Input data section start

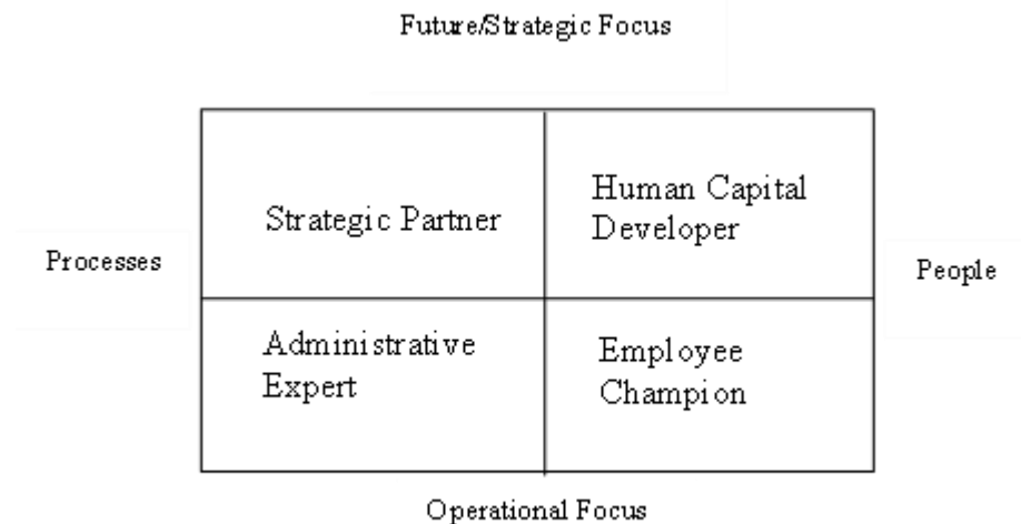
Figure 2: The Ulrich Business Partner Role Model (Ulrich and Brockbank, 2005)

To complement the model, Wright (2008) proposed that HR roles can be a medium to support performance. Parallel to Wright (2008); Bahuguna et al (2009) suggested that HRM activities has turned strategic to fully utilize HRM ability to support firm performance. Notwithstanding, as functional expert is a role that represents how HRM activities are carried out in an organization, it acts as a medium that transmit the process and operations of HRM activities to employees (Bhatnagar and Sharma, 2005; Amarakoon et al. ,2019; Bamber et al. , 2017). Hence, functional expert is omitted, given it is a deliverable that acts as a medium for HRM activities and not related to the strategic role context. From this discussion, the hypothesis for strategic HR roles and firm performance is developed:
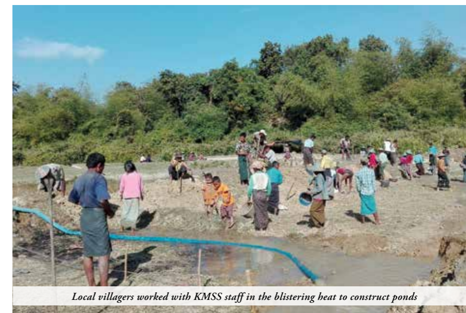
Local villagers worked with KMSS staff in the blistering heat to construct ponds

In late February 2016, our partner Caritas Myanmar successfully completed 4 ponds, which not only provide a natural embankment for future floods but also a catchment and fresh water source for local villagers. This was a landmark achievement for them as they were faced with a variety of challenges such as language barriers, limited manpower and poor transportation routes.
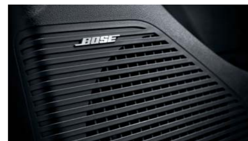
Bose premium audio system
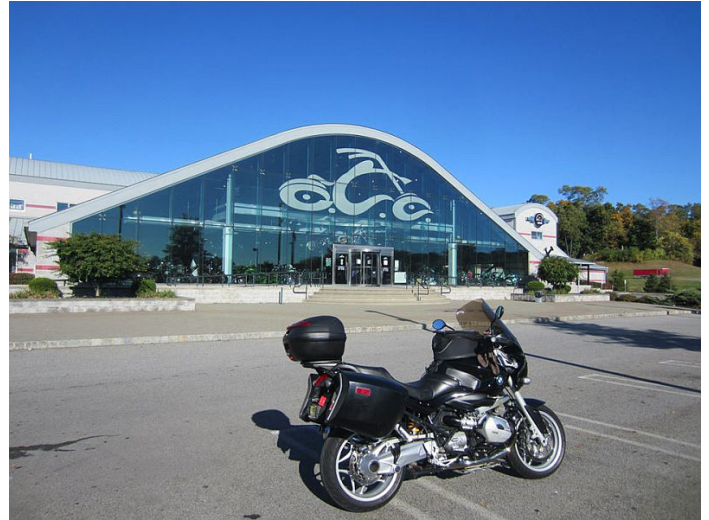
Orange County Choppers

ange County Choppers, the apparent Mecca for the Biker crowd). Arriving on a Beemer outfitted in my ATGATT mode with full coverage helmet I was ignored by the sales staff as I wandered thru the high holy grounds of the biker community. I was surprised that many of the bikes from the show are still sitting in the showroom for sale. Not my flavor of motorcycles but interesting never the less. At 10 AM I headed back to the museum.
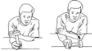
Figure. No caption available.
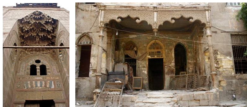
Figure 2: Sample of Decorative Elements in The Courtyard
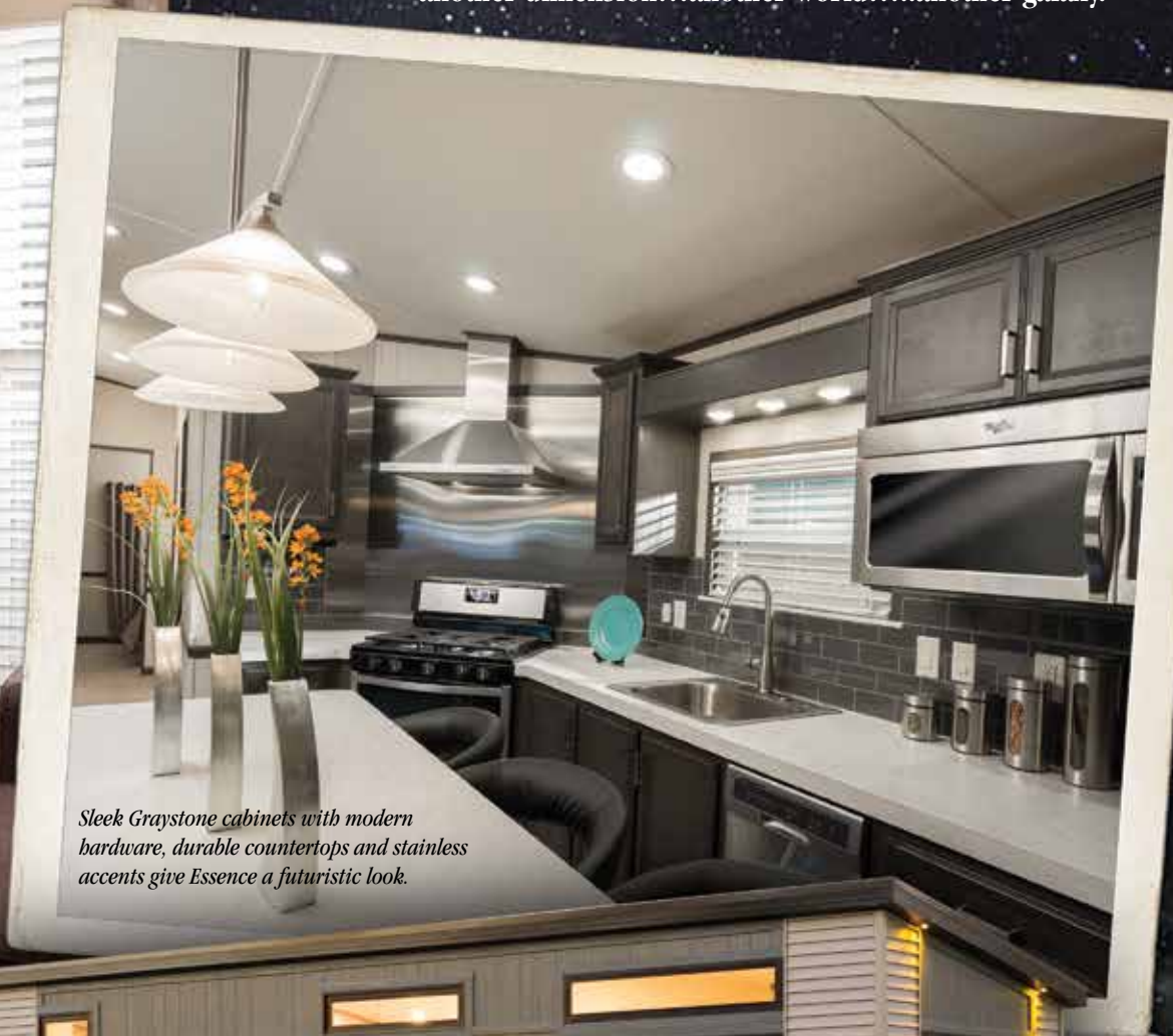
Sleek Graystone cabinets with modern hardware, durable countertops and stainless accents give Essence a futuristic look.

The newly designed Essence combines Woodland Park's unmatched, quality workmanship with New Age, futuristic themes. This park model was specifically designed for individuals with the most discriminating tastes. From the moment you approach your Essence park model and observe the sleek, modern exterior to the second you walk into the get-a-way of which you could only dream, you have truly entered another dimension...another world.....another galaxy.
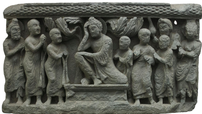
Plate 2 The Pensive Buddha is Being Requested to Teach Gandhara
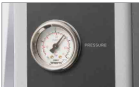
Gauge to display the pressure of the upper roller

Input data section end

Exercise details:
Although the records include pictures, output only their text, exactly and completely.

Exercise output:
Figure 2: The Ulrich Business Partner Role Model (Ulrich and Brockbank, 2005)

To complement the model, Wright (2008) proposed that HR roles can be a medium to support performance. Parallel to Wright (2008); Bahuguna et al (2009) suggested that HRM activities has turned strategic to fully utilize HRM ability to support firm performance. Notwithstanding, as functional expert is a role that represents how HRM activities are carried out in an organization, it acts as a medium that transmit the process and operations of HRM activities to employees (Bhatnagar and Sharma, 2005; Amarakoon et al. ,2019; Bamber et al. , 2017). Hence, functional expert is omitted, given it is a deliverable that acts as a medium for HRM activities and not related to the strategic role context. From this discussion, the hypothesis for strategic HR roles and firm performance is developed:
Local villagers worked with KMSS staff in the blistering heat to construct ponds

In late February 2016, our partner Caritas Myanmar successfully completed 4 ponds, which not only provide a natural embankment for future floods but also a catchment and fresh water source for local villagers. This was a landmark achievement for them as they were faced with a variety of challenges such as language barriers, limited manpower and poor transportation routes.
Bose premium audio system
Orange County Choppers

ange County Choppers, the apparent Mecca for the Biker crowd). Arriving on a Beemer outfitted in my ATGATT mode with full coverage helmet I was ignored by the sales staff as I wandered thru the high holy grounds of the biker community. I was surprised that many of the bikes from the show are still sitting in the showroom for sale. Not my flavor of motorcycles but interesting never the less. At 10 AM I headed back to the museum.
Figure. No caption available.
Figure 2: Sample of Decorative Elements in The Courtyard
Sleek Graystone cabinets with modern hardware, durable countertops and stainless accents give Essence a futuristic look.

The newly designed Essence combines Woodland Park's unmatched, quality workmanship with New Age, futuristic themes. This park model was specifically designed for individuals with the most discriminating tastes. From the moment you approach your Essence park model and observe the sleek, modern exterior to the second you walk into the get-a-way of which you could only dream, you have truly entered another dimension...another world.....another galaxy.
Plate 2 The Pensive Buddha is Being Requested to Teach Gandhara
Gauge to display the pressure of the upper roller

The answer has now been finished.